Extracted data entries

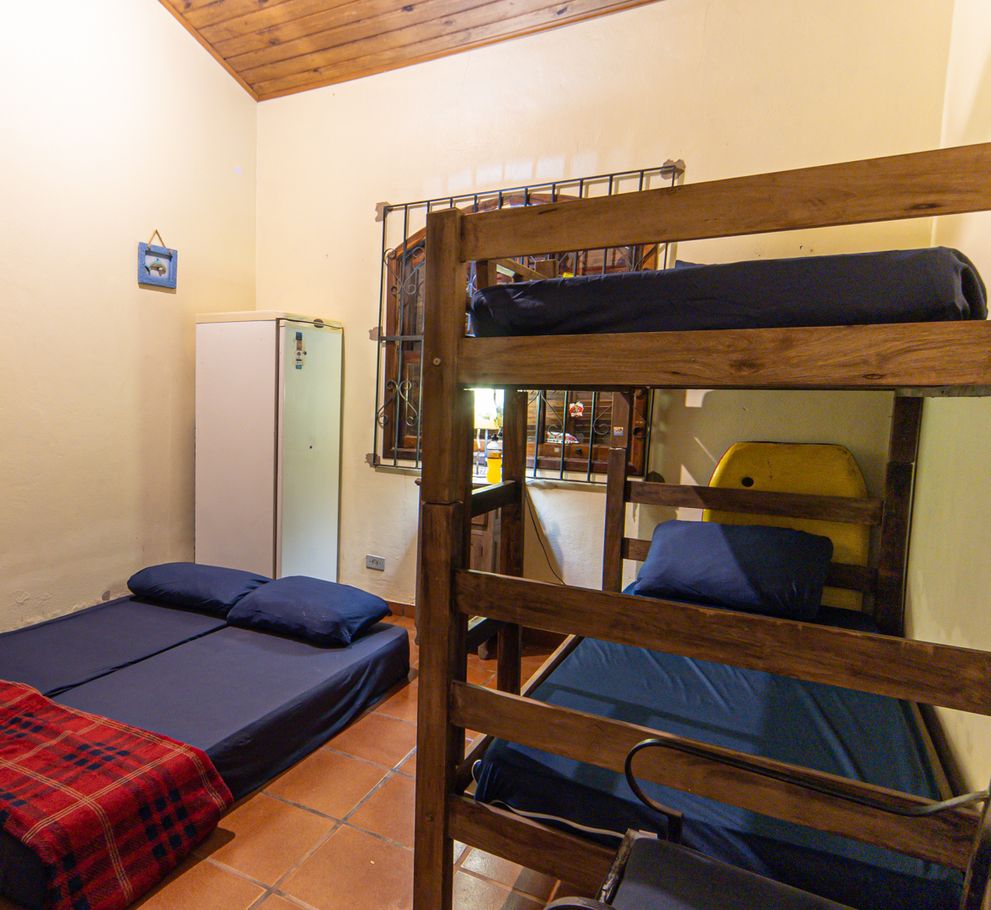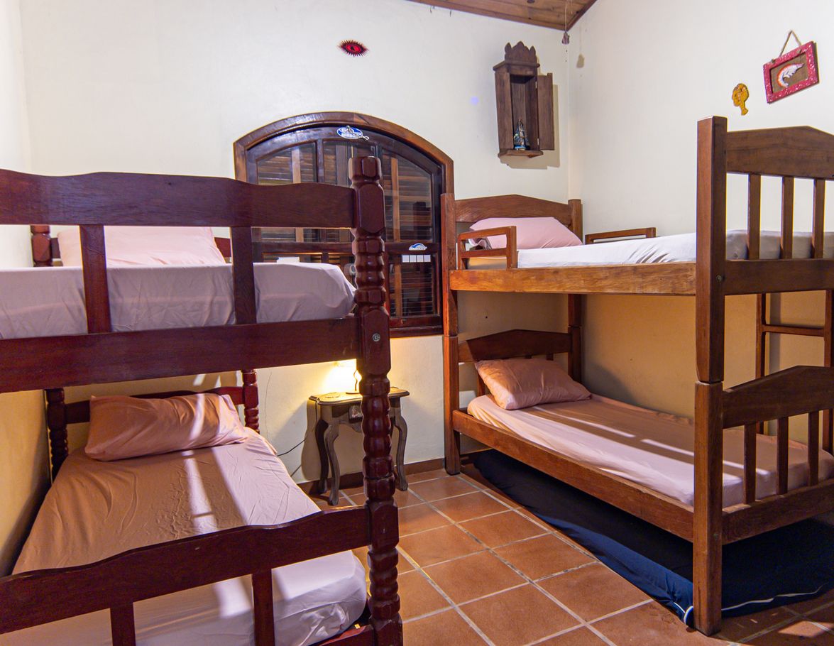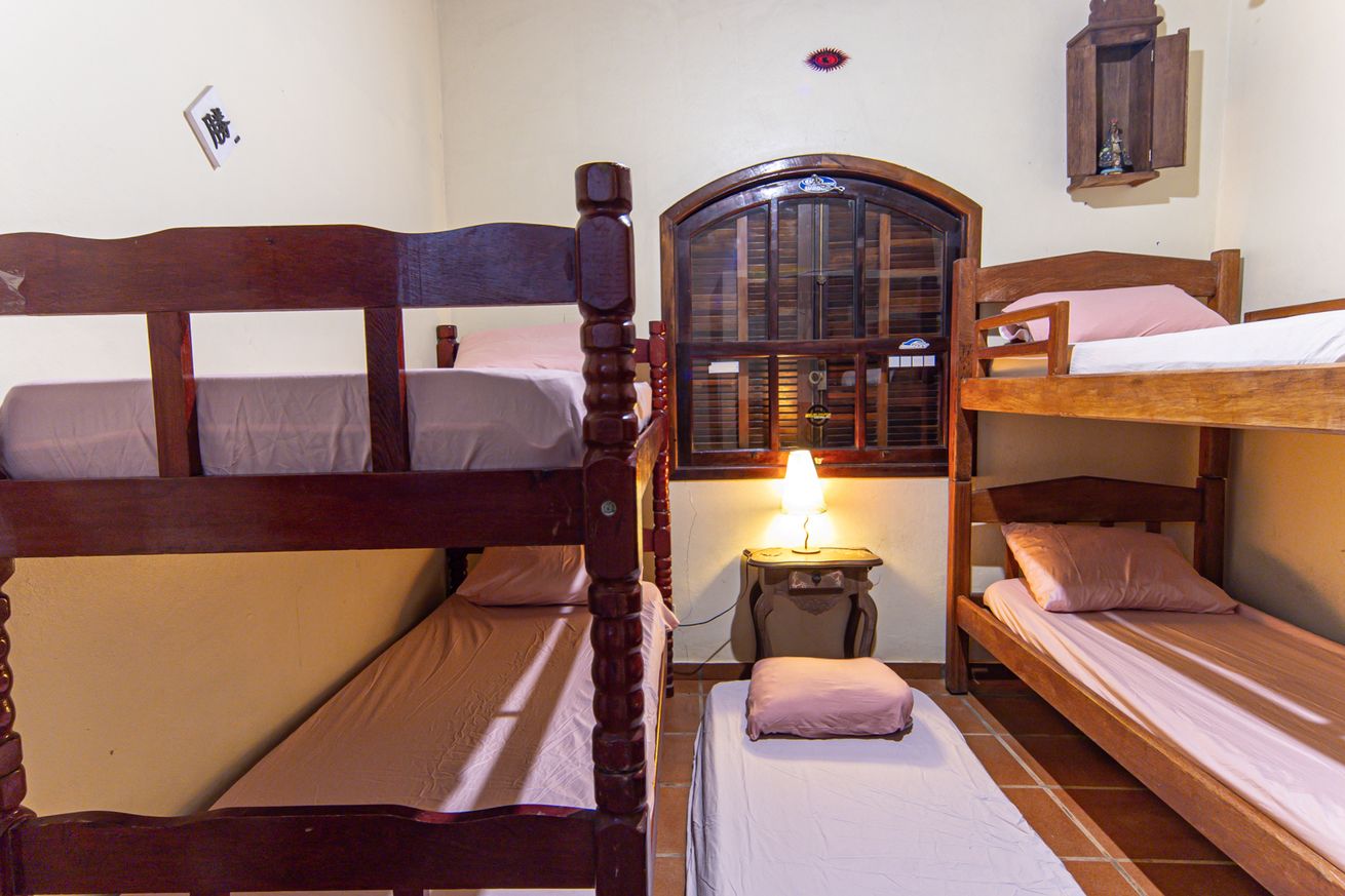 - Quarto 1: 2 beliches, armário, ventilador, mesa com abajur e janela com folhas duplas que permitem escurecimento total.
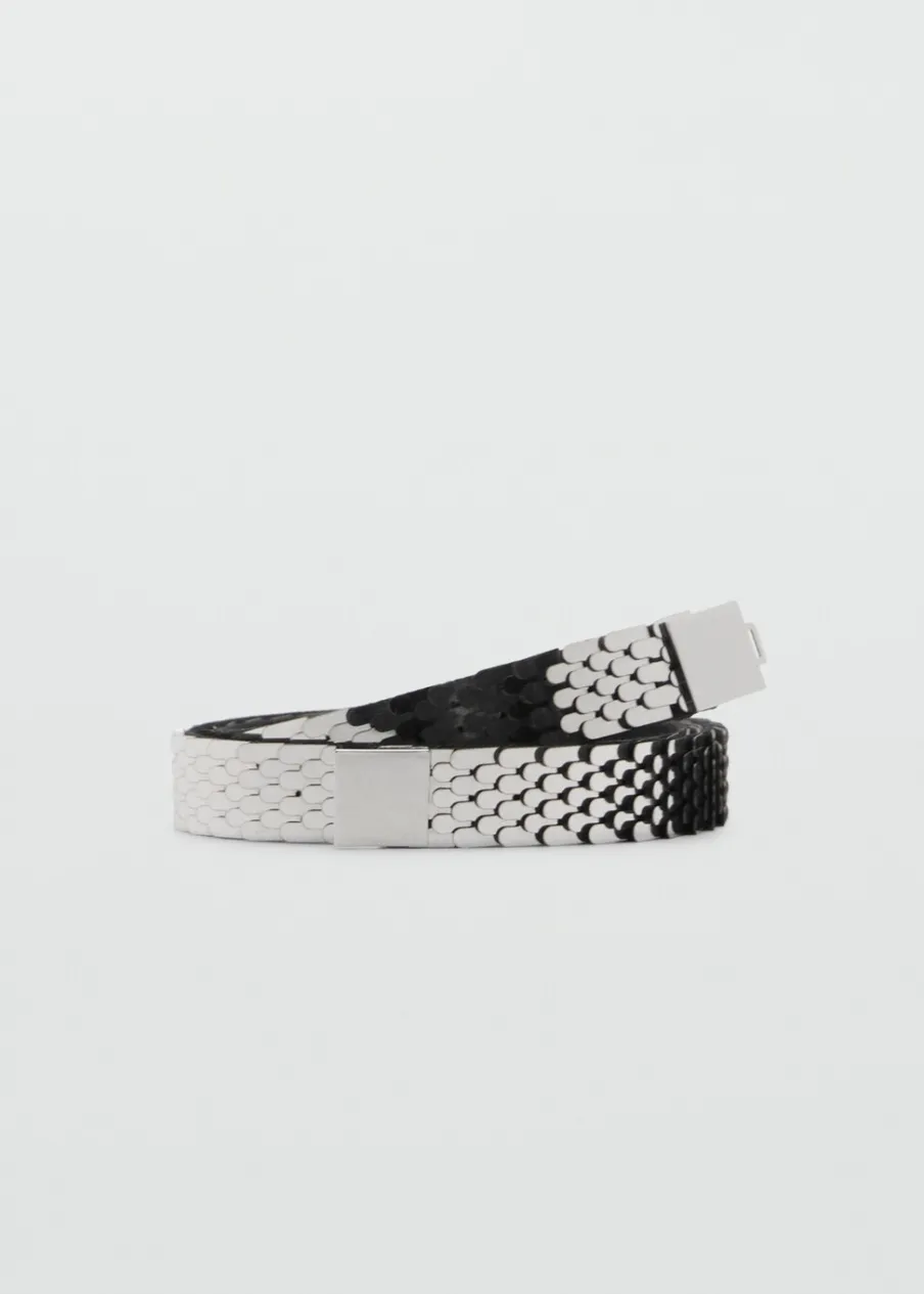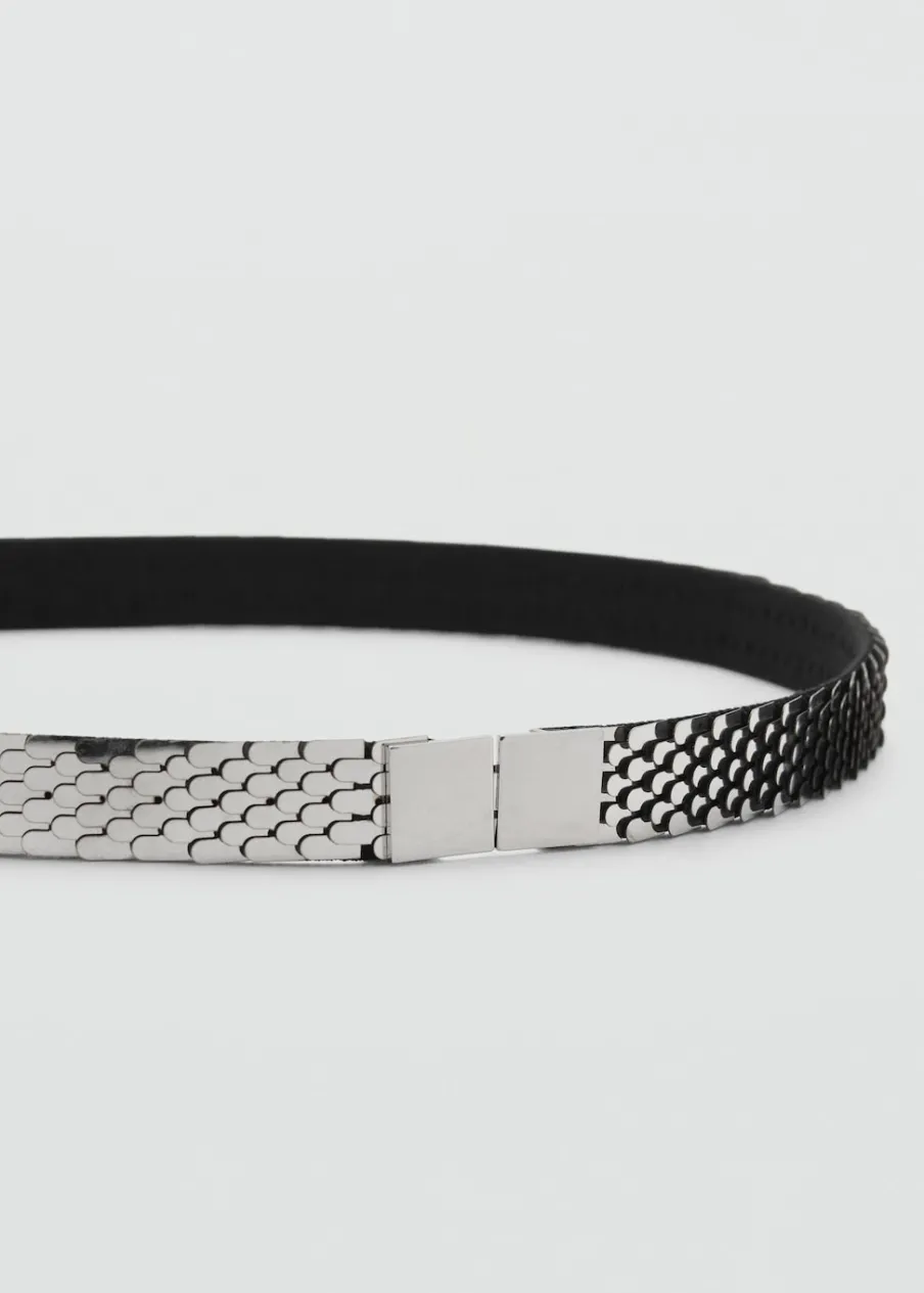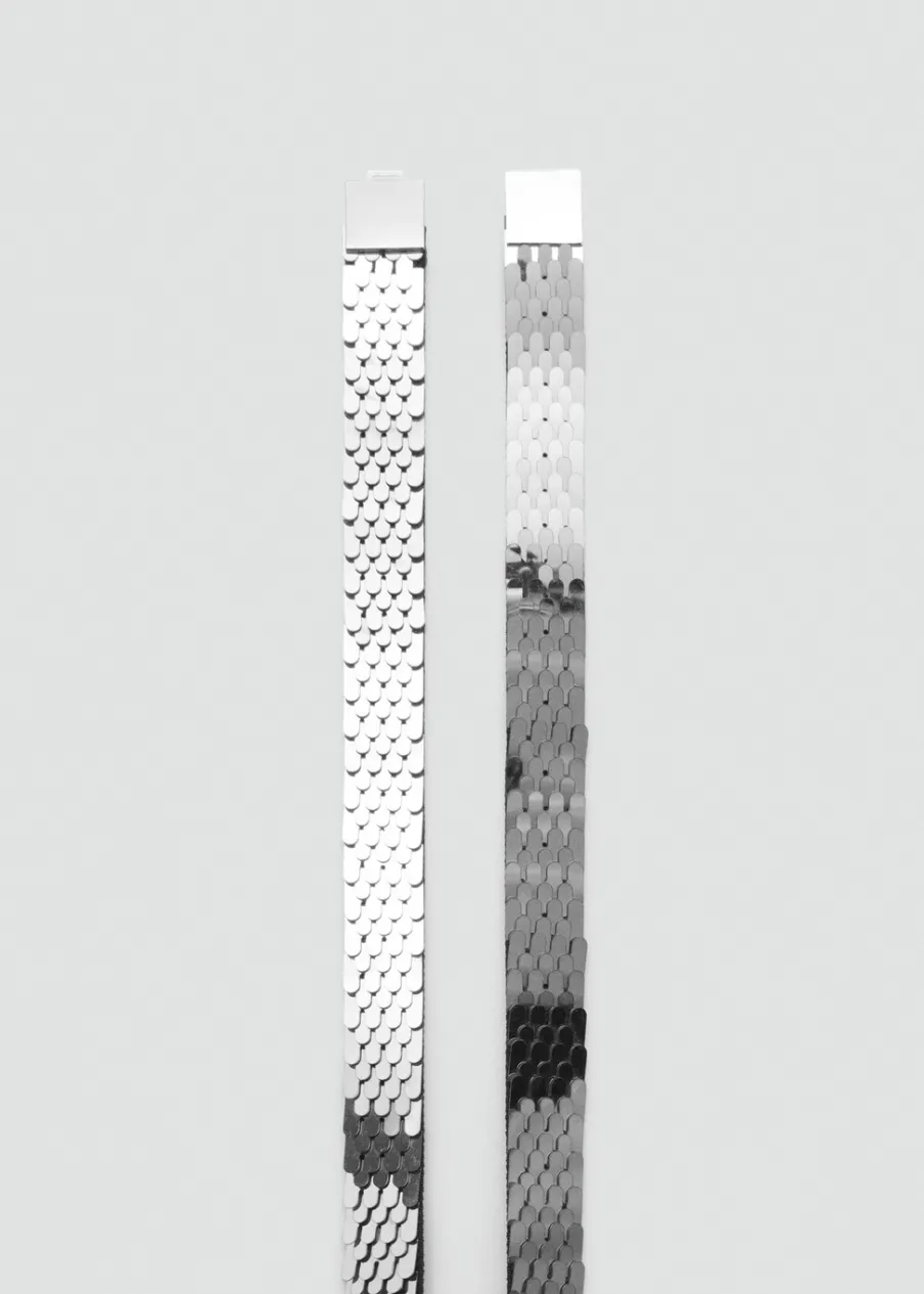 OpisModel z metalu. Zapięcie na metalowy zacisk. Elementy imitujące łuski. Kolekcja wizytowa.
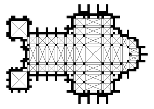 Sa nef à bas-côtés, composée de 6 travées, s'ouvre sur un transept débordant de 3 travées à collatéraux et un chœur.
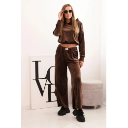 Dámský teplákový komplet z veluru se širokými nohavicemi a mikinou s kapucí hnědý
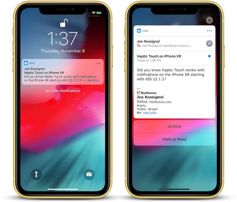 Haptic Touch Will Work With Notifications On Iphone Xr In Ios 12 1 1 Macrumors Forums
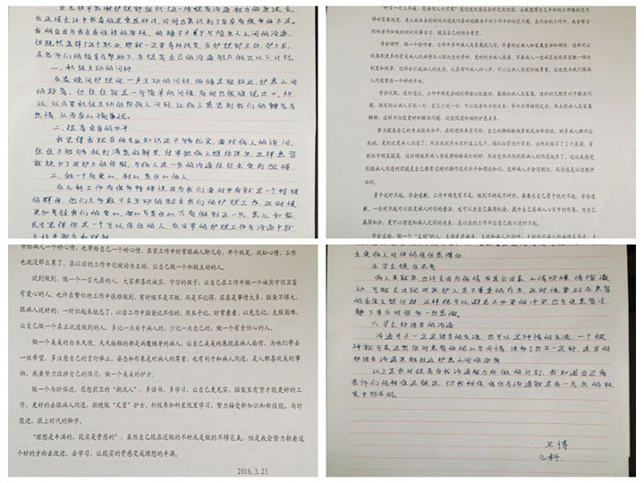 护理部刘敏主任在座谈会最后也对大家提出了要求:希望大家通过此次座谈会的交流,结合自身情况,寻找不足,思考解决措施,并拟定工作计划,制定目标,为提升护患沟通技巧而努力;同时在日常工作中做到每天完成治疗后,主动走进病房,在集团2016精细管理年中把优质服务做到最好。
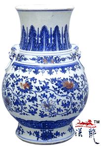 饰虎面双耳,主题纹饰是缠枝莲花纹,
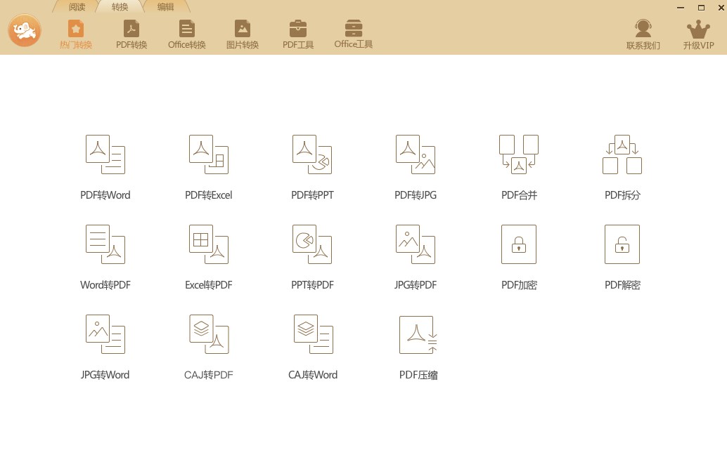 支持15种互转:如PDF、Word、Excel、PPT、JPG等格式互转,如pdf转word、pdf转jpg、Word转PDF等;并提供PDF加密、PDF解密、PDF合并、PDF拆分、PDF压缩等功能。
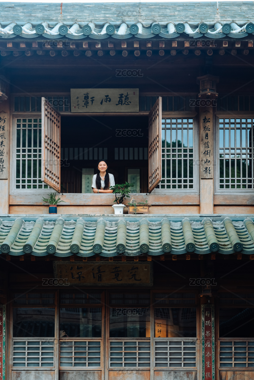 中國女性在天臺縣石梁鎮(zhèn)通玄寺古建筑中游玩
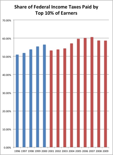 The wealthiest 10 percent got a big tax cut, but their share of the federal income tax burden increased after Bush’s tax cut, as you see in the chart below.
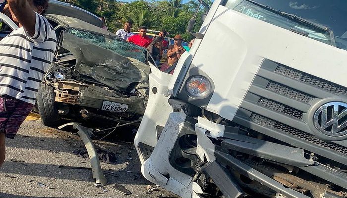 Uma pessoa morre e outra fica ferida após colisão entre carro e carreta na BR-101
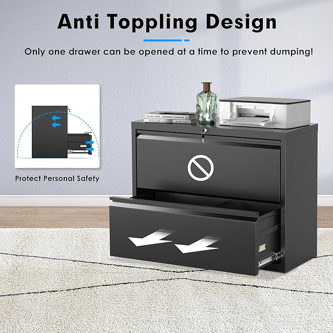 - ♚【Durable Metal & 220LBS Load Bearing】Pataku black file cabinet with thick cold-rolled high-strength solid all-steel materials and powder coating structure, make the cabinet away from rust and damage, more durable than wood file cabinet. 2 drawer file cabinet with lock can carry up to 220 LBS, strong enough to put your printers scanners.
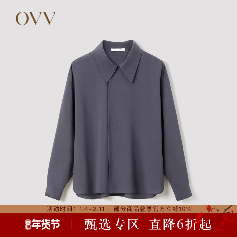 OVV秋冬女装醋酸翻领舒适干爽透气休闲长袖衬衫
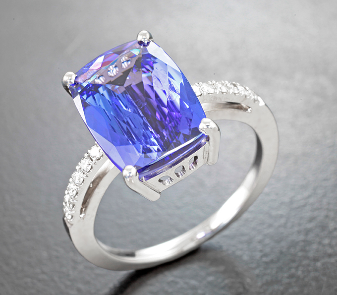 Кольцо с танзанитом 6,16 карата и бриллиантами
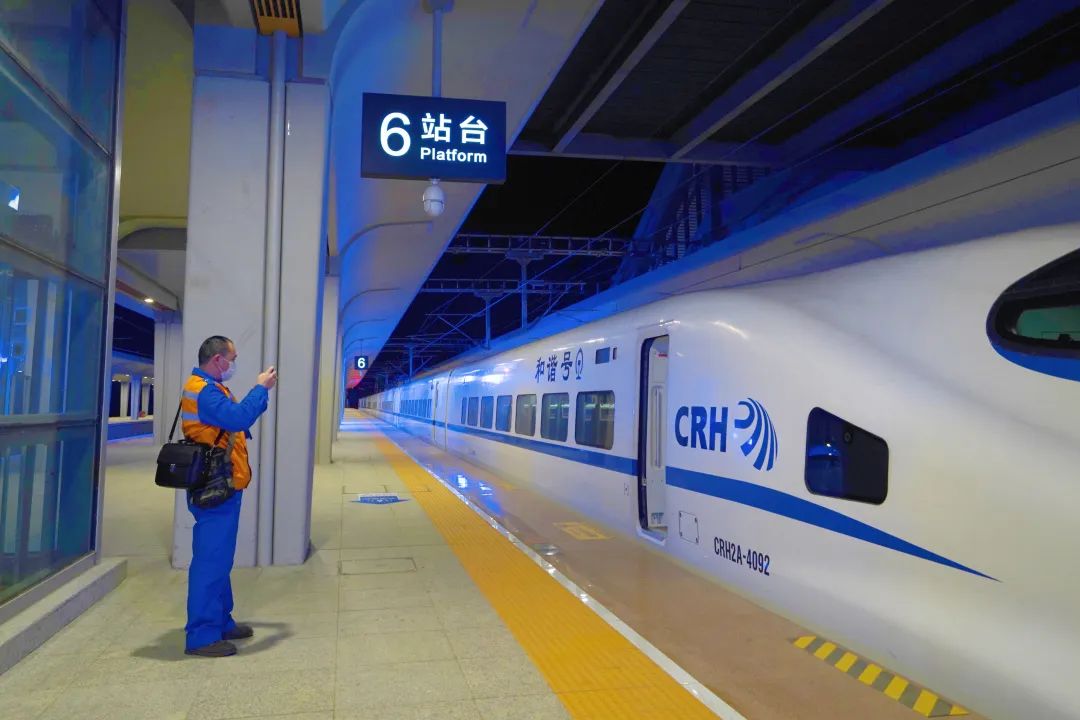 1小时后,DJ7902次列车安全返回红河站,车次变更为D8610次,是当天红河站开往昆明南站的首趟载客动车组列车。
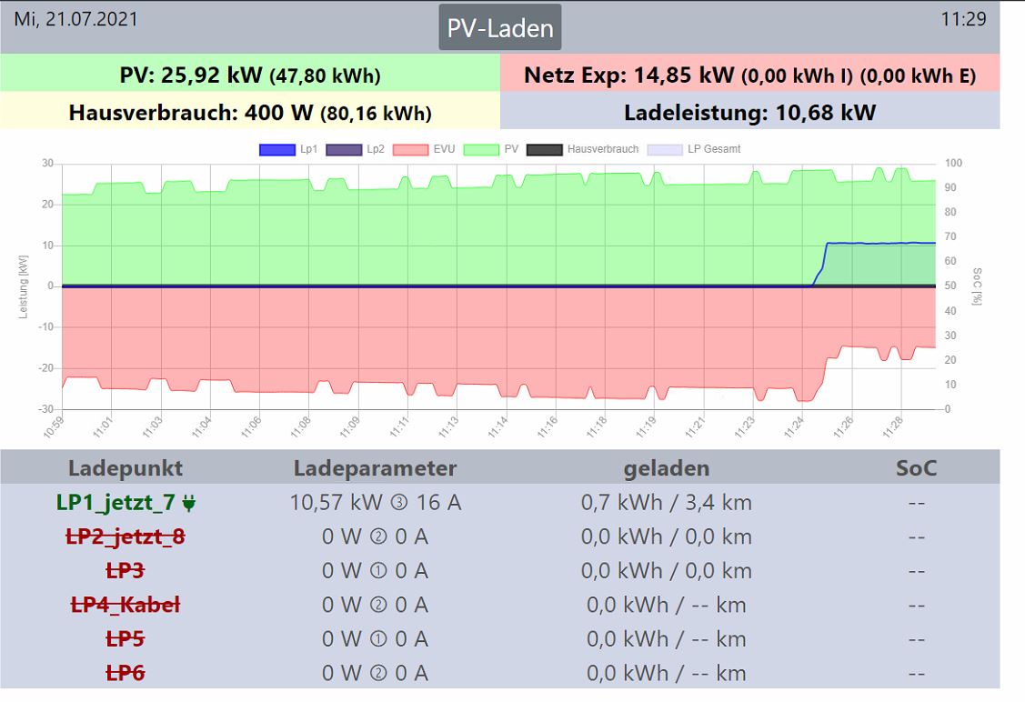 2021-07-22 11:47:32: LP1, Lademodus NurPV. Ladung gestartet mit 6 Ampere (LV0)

Directions: Please copy out from the data above, without any picture, exactly the lines running from the one that holds "OpisModel z metalu." through the one that holds "护理部刘敏主任在座谈会最后也", and nothing beyond them.

Task output:
 OpisModel z metalu. Zapięcie na metalowy zacisk. Elementy imitujące łuski. Kolekcja wizytowa.
 Sa nef à bas-côtés, composée de 6 travées, s'ouvre sur un transept débordant de 3 travées à collatéraux et un chœur.
 Dámský teplákový komplet z veluru se širokými nohavicemi a mikinou s kapucí hnědý
 Haptic Touch Will Work With Notifications On Iphone Xr In Ios 12 1 1 Macrumors Forums
 护理部刘敏主任在座谈会最后也对大家提出了要求:希望大家通过此次座谈会的交流,结合自身情况,寻找不足,思考解决措施,并拟定工作计划,制定目标,为提升护患沟通技巧而努力;同时在日常工作中做到每天完成治疗后,主动走进病房,在集团2016精细管理年中把优质服务做到最好。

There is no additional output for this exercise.